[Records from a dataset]
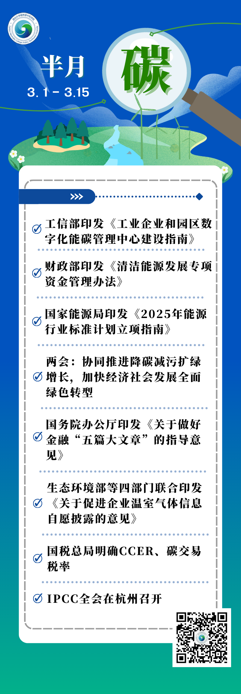 政府工作报告提出今年绿色低碳发展的预期目标:单位国内生产总值能耗降低3%左右,生态环境质量持续改善。并明确主要工作任务,要协同推进降碳减污扩绿增长,加快经济社会发展全面绿色转型。进一步深化生态文明体制改革,统筹产业结构调整、污染治理、生态保护、应对气候变化,推进生态优先、节约集约、绿色低碳发展。
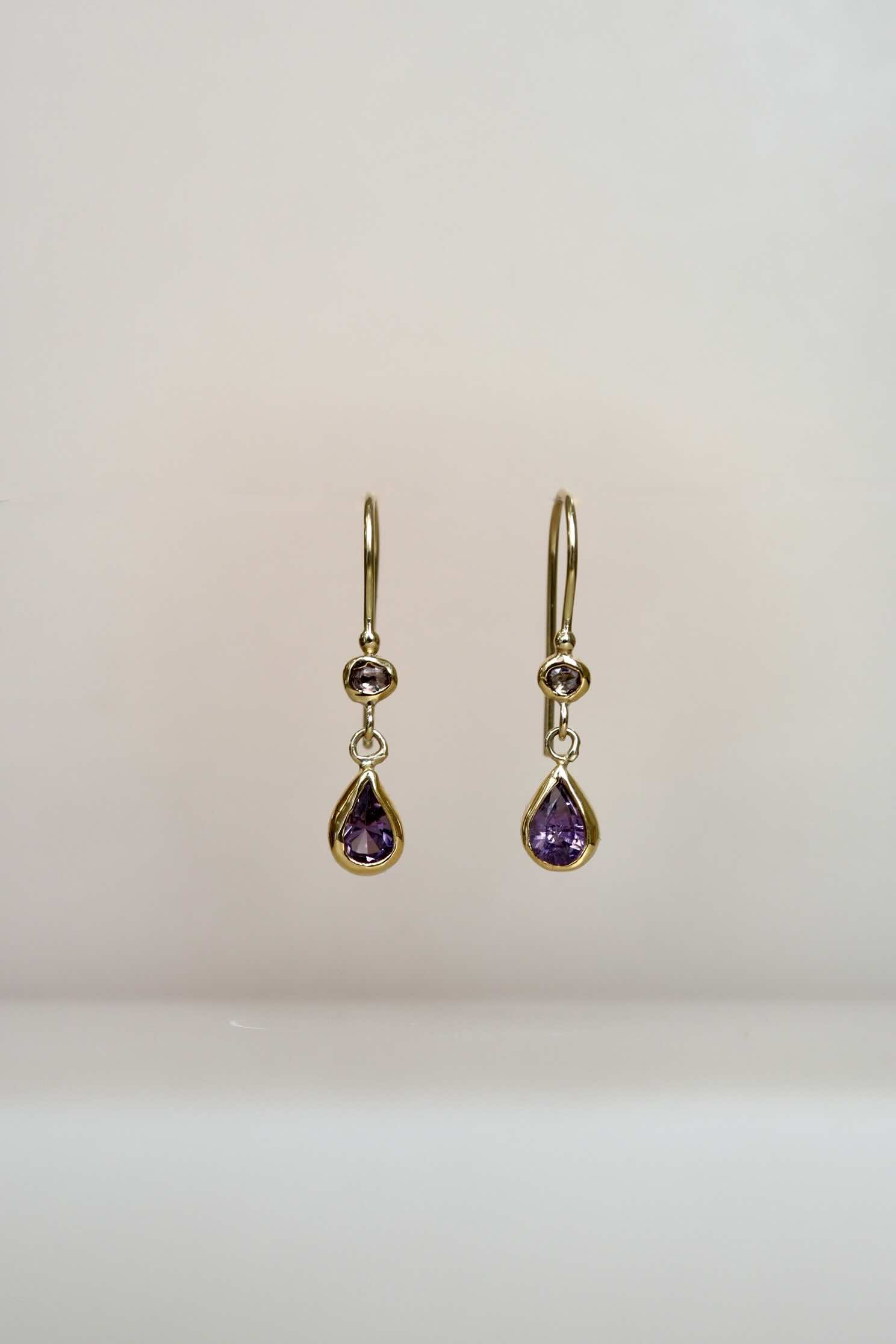 Bungelende, paarse spinel druppels en rosecut diamantjes daarboven. Beautiful! De oorbellen zijn gemaakt van 22 en18 karaat goud. De diamanten zijn samen 0.17 ct.
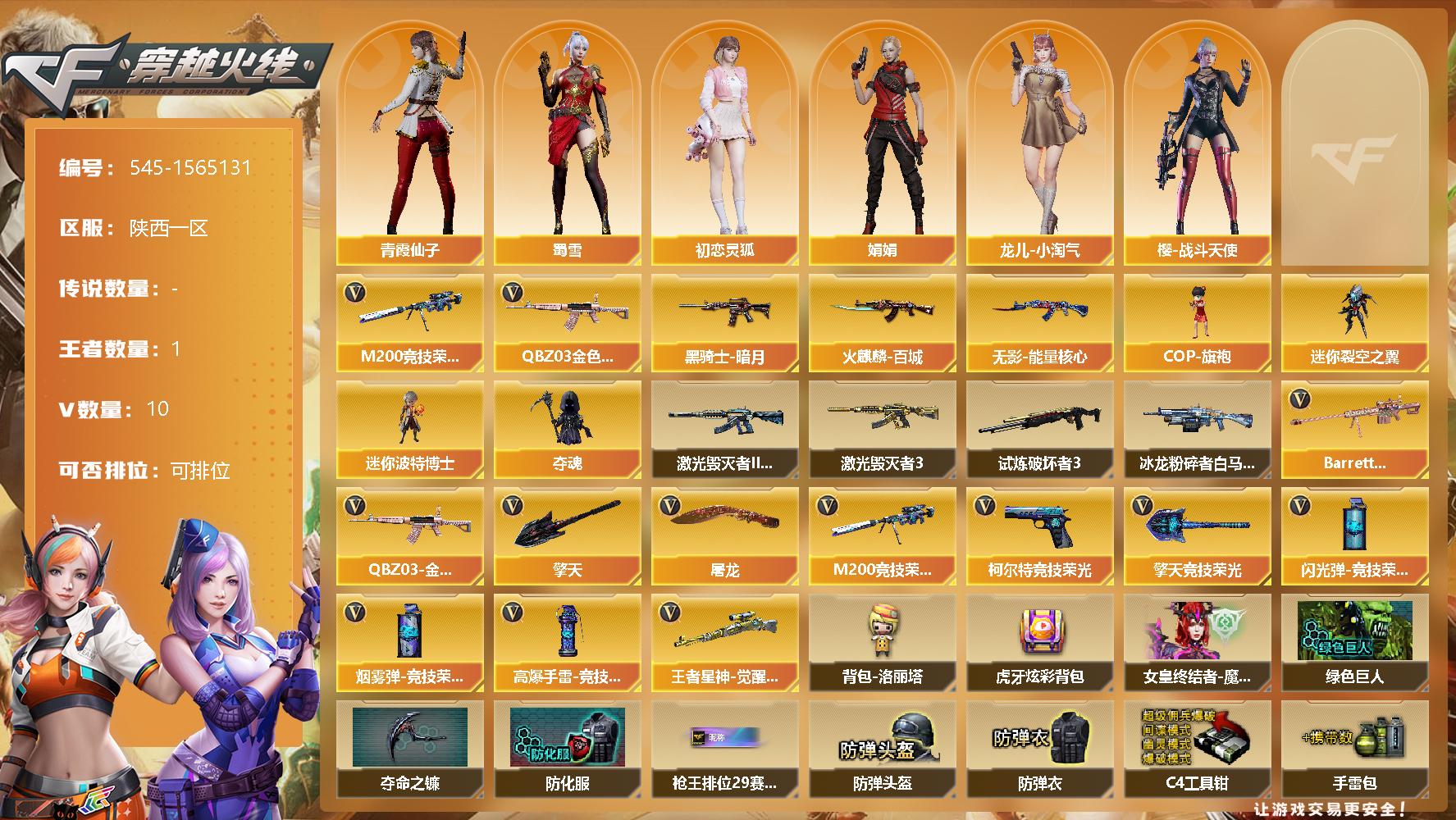 - [15251395]湖南一区-70V-51王者-3炫金 【传说武器】:传说破晓,传说幽冥 【传说角色】:传说女帝,传说影煞 【热门武器】:传说破晓,传说幽冥,QBZ03-金色蔷薇,M200-幻神,金色蔷薇-古蛇迷踪,修罗-古蛇迷踪,M200-竞技荣光,死亡之眼,白虎-电玩蓝兔,QBZ03-街机,金色小号,C.A.T,牛牛-AK47,M4A1-黑骑士,汤姆逊-烈龙*2,加特林-炼狱,USP-雷暴,COP 357-雷霆王者,沙鹰-修罗,金刚伞 【王者炫金武器】:王者青龙,王者猎神,王者雷怒,Barrett-雷霆王者,COP 357-雷霆王者,雷霆王者之锋*3,王者玉锋,炫金火麒麟,炫金武士,炫金毁灭 【音效卡】:M200-幻神音效卡,AK47-火麒麟音效卡,M4A1-雷神音效卡,M4A1-黑骑士音效卡,Barrett-毁灭音效卡,AWM-裁决音效卡,Barrett-碧霄极光音效卡,炼狱-百战金芒-庆典舞曲音效卡 【皮肤】:M200-幻神-黄忠皮肤,幻神-周瑜皮肤,裁决-运输船 皮肤,裁决-胜者为王 皮肤,雷神-暗月,雷神-荣耀之魄,雷神-虎将,雷神-烈虎皮肤,雷神-机甲刑天皮肤,雷神-源计划2.0专属 皮肤,M4A1-再燃火线,火麒麟-雷神,火麒麟-平天大圣,火麒麟-盘古,火麒麟-百城,毁灭耀金皮肤,毁灭-风暴,毁灭-百城浙江 皮肤,M4A1-千变-孔明皮肤,黑龙-能量核心,黑骑士-暗月,黑骑士-冠军之势,黑骑士-地狱火,黑骑士-伏羲,超新星-深海萌鲨 皮肤,战神-粉色甜心皮肤,战神-紫绶金章皮肤,AK47-B-常胜将军-曹操*3,AK47-B-常胜将军-刘备,AK47-B-常胜将军-孙权*2,天龙-秘银,天龙-能量核心,AWM-再燃火线,极光-能量核心,修罗-CF STAR,屠龙-春桃 皮肤,轻型军用手斧-再燃火线,龙啸-青青莓果 皮肤 【角色】:电竞教官-云悠悠,蛇隐宗,奇洋探员,乔伊教练,修道士,云海玲珑,暗夜-X,北极狐-X,电竞少女,芳心审判者,风暴女*2,虎妞,娟娟,猎狐者-追月,0号玩家,零-热舞青春,灵狐者-X,龙儿-小淘气,潘多拉-X,潘多拉-甜心教官,潜龙队-X,青霞仙子,蛇姬,维纳斯,雪莉杨-摸金校尉,樱-战斗天使,影武者-X,幽,智影,雅典娜 【人偶武器】:天龙-乔伊教练,加特林-机械猎手,AWM-灵狐-15周年嘉年华,C.A.T,牛牛-AK47,迷你生化手雷,深
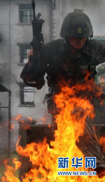 7月28日,一名接受訓練的士兵跨越火障。新華社發(fā)(林山杰 攝)
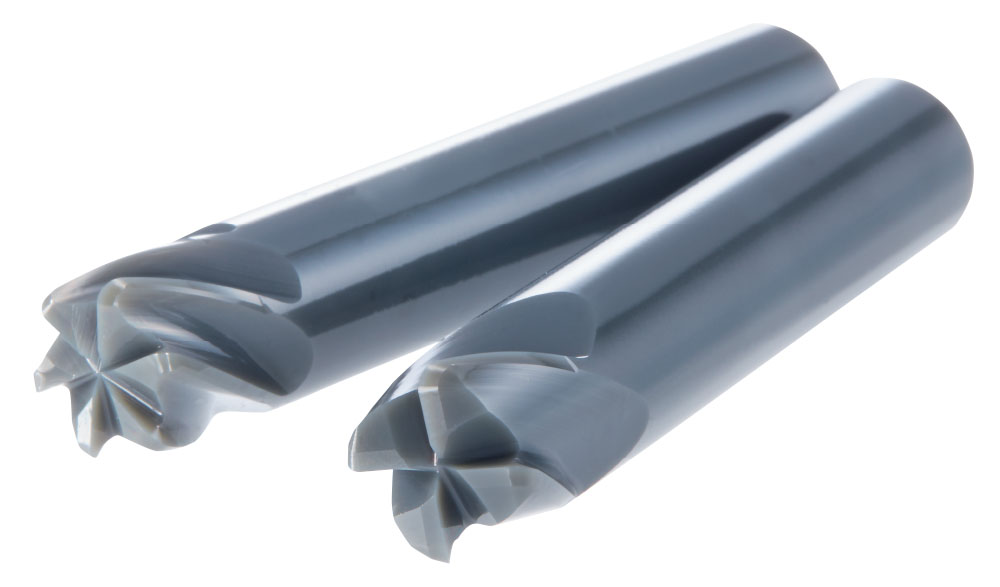 超硬エンドミルと比較して、セラミックエンドミルは高温域での硬度に優れています。しかし、抗折力に対しての耐性が、セラミックエンドミルは超硬エンドミルの半分以下であるため、不適切な切削条件で利用すると意図せず折損させてしまいがちです。不意の折損が生じる可能性を最小限に抑えるため、オーエスジーのCM-RMS は最適な溝形状を特徴とし、スムーズな切りくず排出を可能にしています。図1 と図2 に示すようにネガ形状が刃先剛性を高め、長寿命を実現します。CM-RMS は用途に合わせて4 枚刃、もしくは6 枚刃を選択できます。
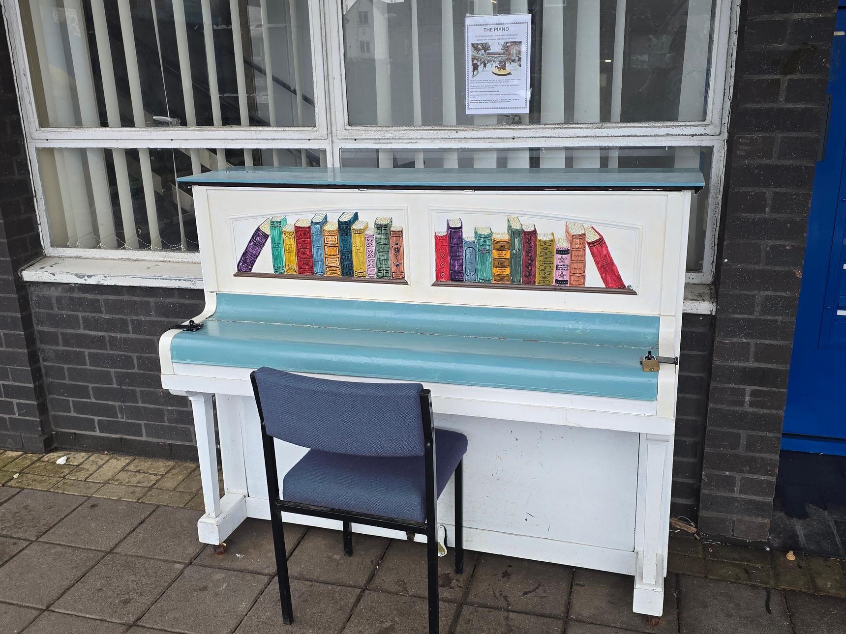 A public piano that is available to play whenever the bookshop is open! If it isn't open, the beautiful art on the piano is still there for all to see.
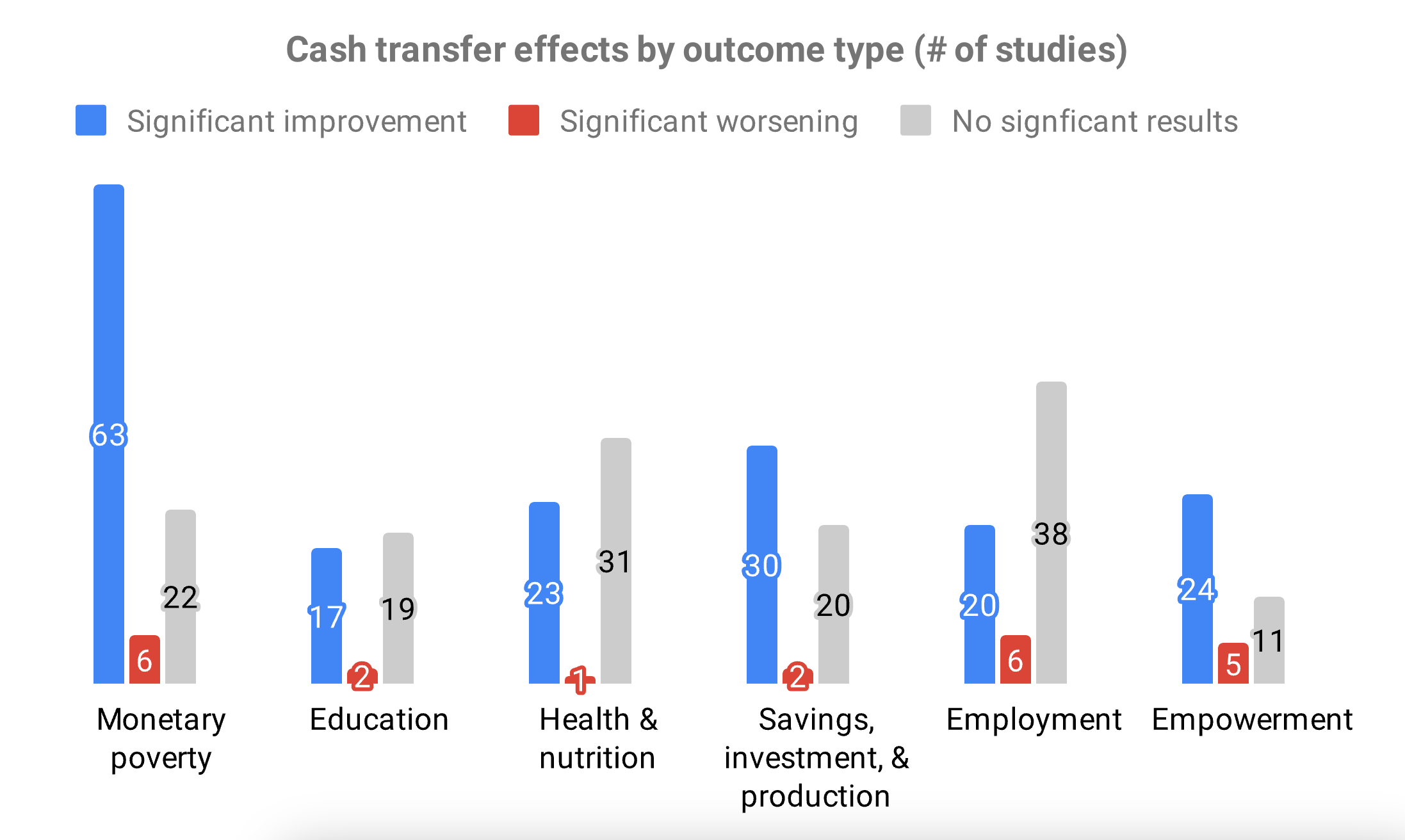 This 2016 literature review of global cash programs found mostly positive impacts (blue bars in the chart below) across a variety of outcomes, especially monetary poverty, savings, and empowerment. But the review also found some studies had null results (gray bars) and a few had negative results (red bars):
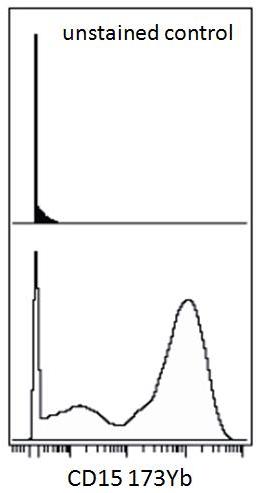 Mass cytometry (surface staining) of human peripheral blood cells (after ammonium chloride red blood cell lysis) with anti-human CD15 (MEM-158) 173Yb. Gated on singlets.
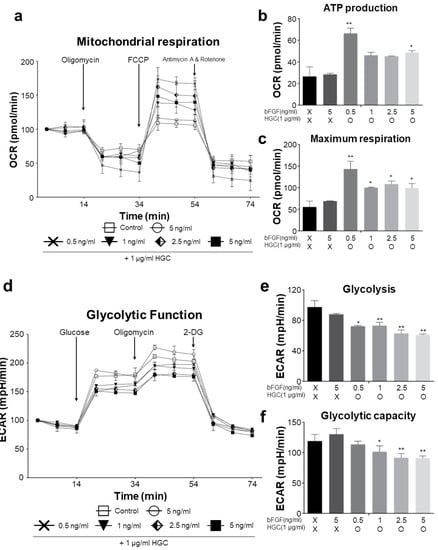The analysis of metabolic functionality of AD-MSCs at passage 10. (a) The measurement of oxygen consumption rate following oligomycin, FCCP, antimycin A, and rotenone treatment; (b) ATP production; (c) maximum respiration; (d) The measurement of extracellular glycolytic acidification following glucose, oligomycin, and 2-DG treatment. Glycolytic function displayed an increased extracellular acidification rate in control and 5 ng/mL bFGF-only treated group; (e) glycolysis and (f) glycolytic capacity. * p < 0.05 and ** p < 0.01 relative to the control. FCCP: carbonyl cyanide-4 (trifluoromethoxy) phenylhydrazone, 2-DG: 2-deoxy-glucose.
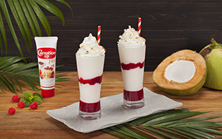 2. จัดเสิร์ฟโดยตักแยมราสเบอร์รีลงในแก้ว ตามด้วยน้ำมะพร้าวปั่นลงไปครึ่งแก้ว ตักแยมราสเบอร์รีใส่อีกชั้น เทน้ำมะพร้าวปั่นที่เหลือ บีบ แมกโนเลีย กูร์เมต์ วิปปิ้งครีม ที่ตีขึ้นฟูแล้วด้านบน โรยมะพร้าวคั่ว พร้อมเสิร์ฟ
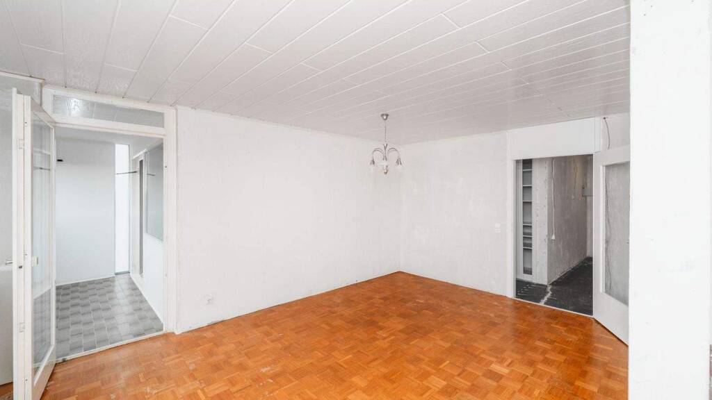 Beim Betreten der Wohnung öffnet sich der Flur zu einer separaten Küche, die aktuell durch eine Glastrennwand mit Schiebefenster vom Wohnbereich abgeteilt ist. Mit wenigen Handgriffen lässt sich diese entfernen, sodass ein großzügiger, offen gestalteter Wohn- und Essbereich entsteht.
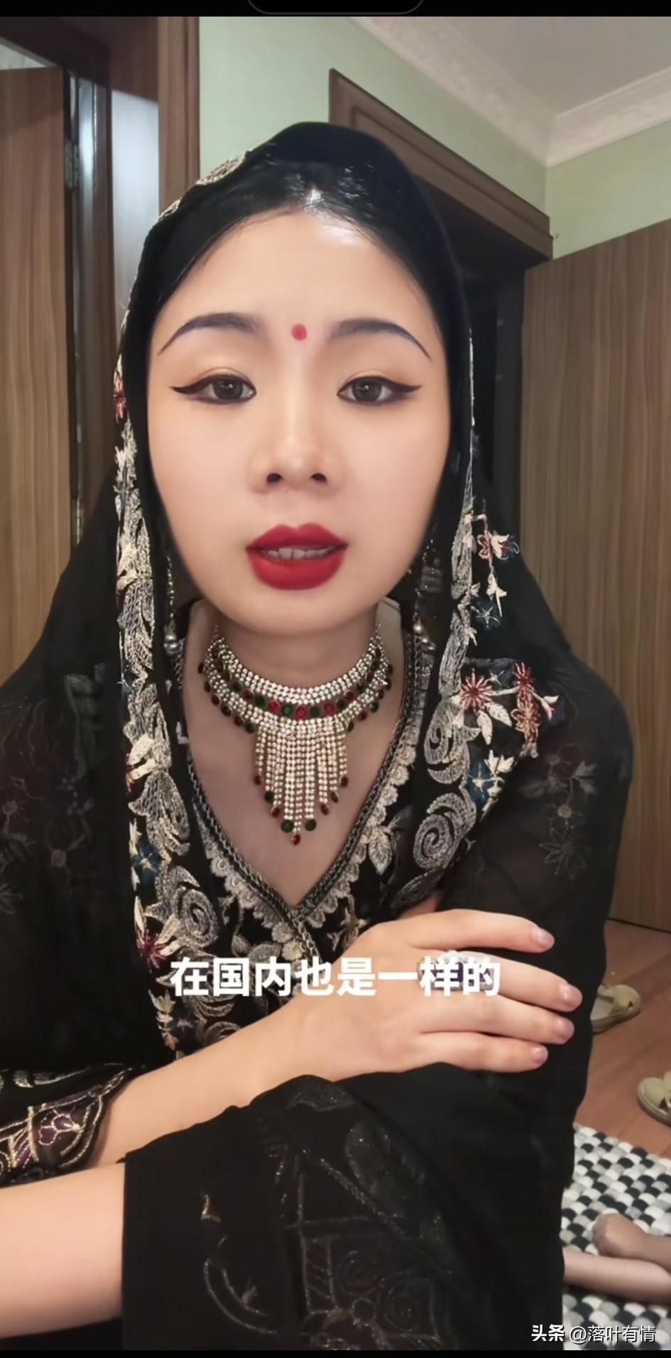 贵州女子嫁给了印度人, 当有人说印度女人不能出门, 因为印度非常的不安全, 作为在印度生活了六七年的女人, 她跳出来为印度反驳, 她说自己在那里生活了六七年, 也没有觉得印度不安全, 白天去哪里都行, 就像在国内一样, 至于说安不安全? 就看你有没有做好防范意识, 在国内哪里也一样, 如果没有做好安全防范意识, 女孩子也是不安全的, 她觉得印度挺好的, 毕竟她已经在印度定居了, 每天穿着印度的传统服装, 在网上分享自己的印度生活, 也不知道什么人关注她, 大家觉得她为什么嫁给印度人呢?

### WHAT IS EXPECTED
Only the lines from the one containing "ที่ตีขึ้นฟูแล้วด้านบน โรยมะพร้าวคั่ว พร้อมเสิร์ฟ" through the end of the records above should be retyped, exactly as they stand, with any pictures left out.

### SOLUTION TO THE PROBLEM
 2. จัดเสิร์ฟโดยตักแยมราสเบอร์รีลงในแก้ว ตามด้วยน้ำมะพร้าวปั่นลงไปครึ่งแก้ว ตักแยมราสเบอร์รีใส่อีกชั้น เทน้ำมะพร้าวปั่นที่เหลือ บีบ แมกโนเลีย กูร์เมต์ วิปปิ้งครีม ที่ตีขึ้นฟูแล้วด้านบน โรยมะพร้าวคั่ว พร้อมเสิร์ฟ
 Beim Betreten der Wohnung öffnet sich der Flur zu einer separaten Küche, die aktuell durch eine Glastrennwand mit Schiebefenster vom Wohnbereich abgeteilt ist. Mit wenigen Handgriffen lässt sich diese entfernen, sodass ein großzügiger, offen gestalteter Wohn- und Essbereich entsteht.
 贵州女子嫁给了印度人, 当有人说印度女人不能出门, 因为印度非常的不安全, 作为在印度生活了六七年的女人, 她跳出来为印度反驳, 她说自己在那里生活了六七年, 也没有觉得印度不安全, 白天去哪里都行, 就像在国内一样, 至于说安不安全? 就看你有没有做好防范意识, 在国内哪里也一样, 如果没有做好安全防范意识, 女孩子也是不安全的, 她觉得印度挺好的, 毕竟她已经在印度定居了, 每天穿着印度的传统服装, 在网上分享自己的印度生活, 也不知道什么人关注她, 大家觉得她为什么嫁给印度人呢?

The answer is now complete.